* **Description of the task**:
Restate word for word the lines between the start of the material and the line with "ベスト メンズ スリム", keeping both of those ends and none of the pictures.

----- Data extract

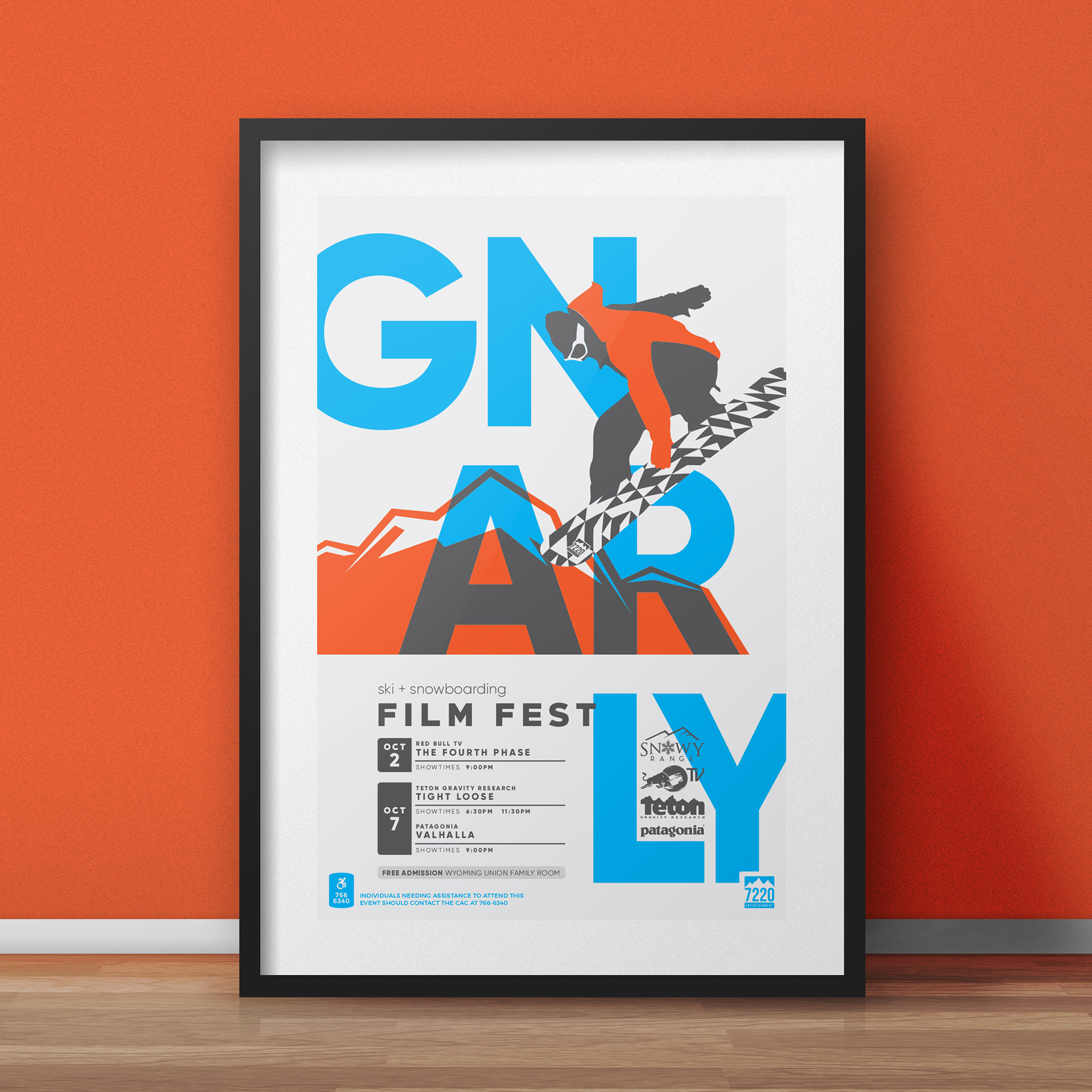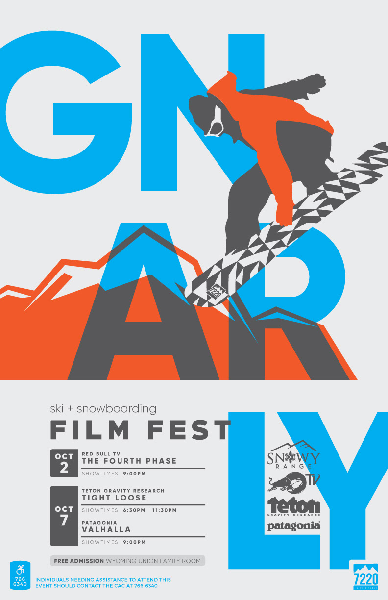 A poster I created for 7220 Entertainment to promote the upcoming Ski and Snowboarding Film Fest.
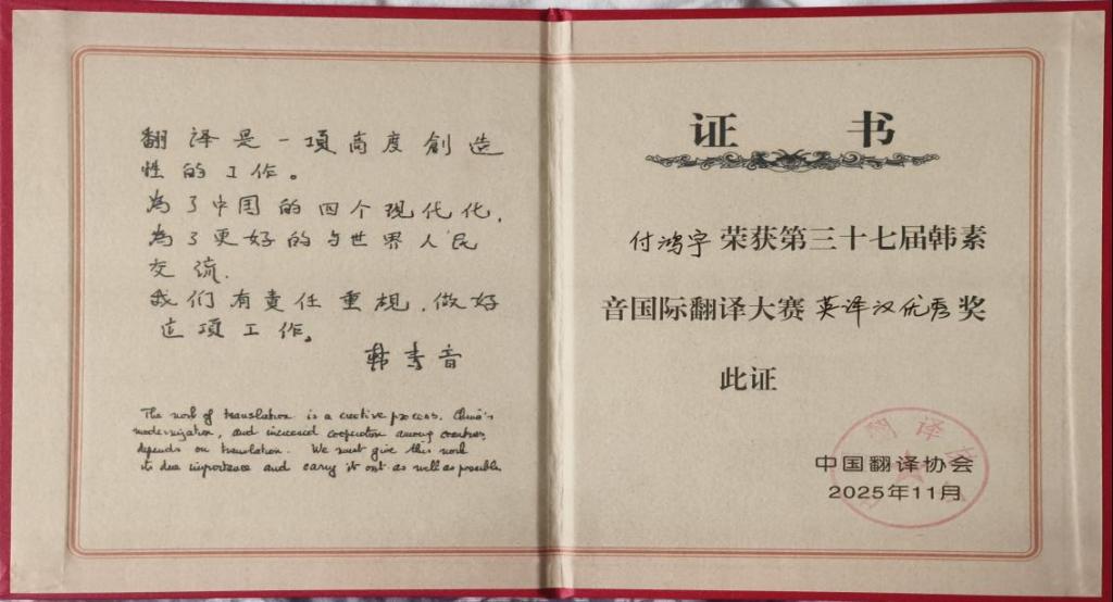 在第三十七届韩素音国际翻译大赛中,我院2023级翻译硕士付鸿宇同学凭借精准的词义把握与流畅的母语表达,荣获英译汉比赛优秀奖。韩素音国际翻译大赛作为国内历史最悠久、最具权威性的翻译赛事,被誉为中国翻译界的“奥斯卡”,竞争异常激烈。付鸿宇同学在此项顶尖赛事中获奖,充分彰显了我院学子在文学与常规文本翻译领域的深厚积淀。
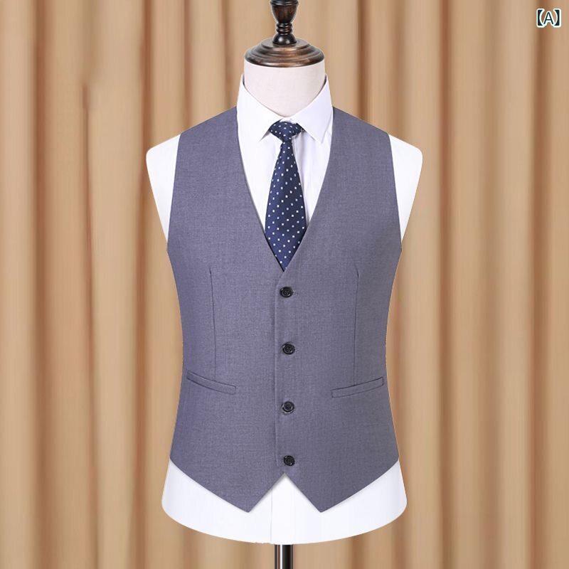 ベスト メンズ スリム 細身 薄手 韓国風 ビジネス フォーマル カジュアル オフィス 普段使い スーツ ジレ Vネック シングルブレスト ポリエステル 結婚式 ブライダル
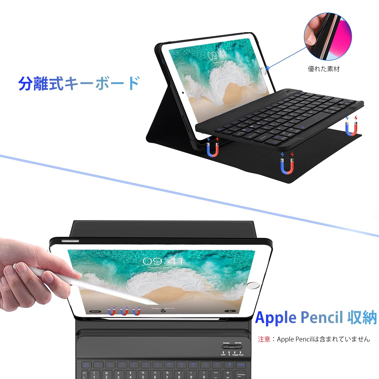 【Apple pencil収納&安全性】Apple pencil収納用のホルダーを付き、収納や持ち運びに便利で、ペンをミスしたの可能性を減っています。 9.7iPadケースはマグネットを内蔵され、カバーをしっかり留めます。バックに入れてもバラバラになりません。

----------

* **Result**:
 A poster I created for 7220 Entertainment to promote the upcoming Ski and Snowboarding Film Fest.
 在第三十七届韩素音国际翻译大赛中,我院2023级翻译硕士付鸿宇同学凭借精准的词义把握与流畅的母语表达,荣获英译汉比赛优秀奖。韩素音国际翻译大赛作为国内历史最悠久、最具权威性的翻译赛事,被誉为中国翻译界的“奥斯卡”,竞争异常激烈。付鸿宇同学在此项顶尖赛事中获奖,充分彰显了我院学子在文学与常规文本翻译领域的深厚积淀。
 ベスト メンズ スリム 細身 薄手 韓国風 ビジネス フォーマル カジュアル オフィス 普段使い スーツ ジレ Vネック シングルブレスト ポリエステル 結婚式 ブライダル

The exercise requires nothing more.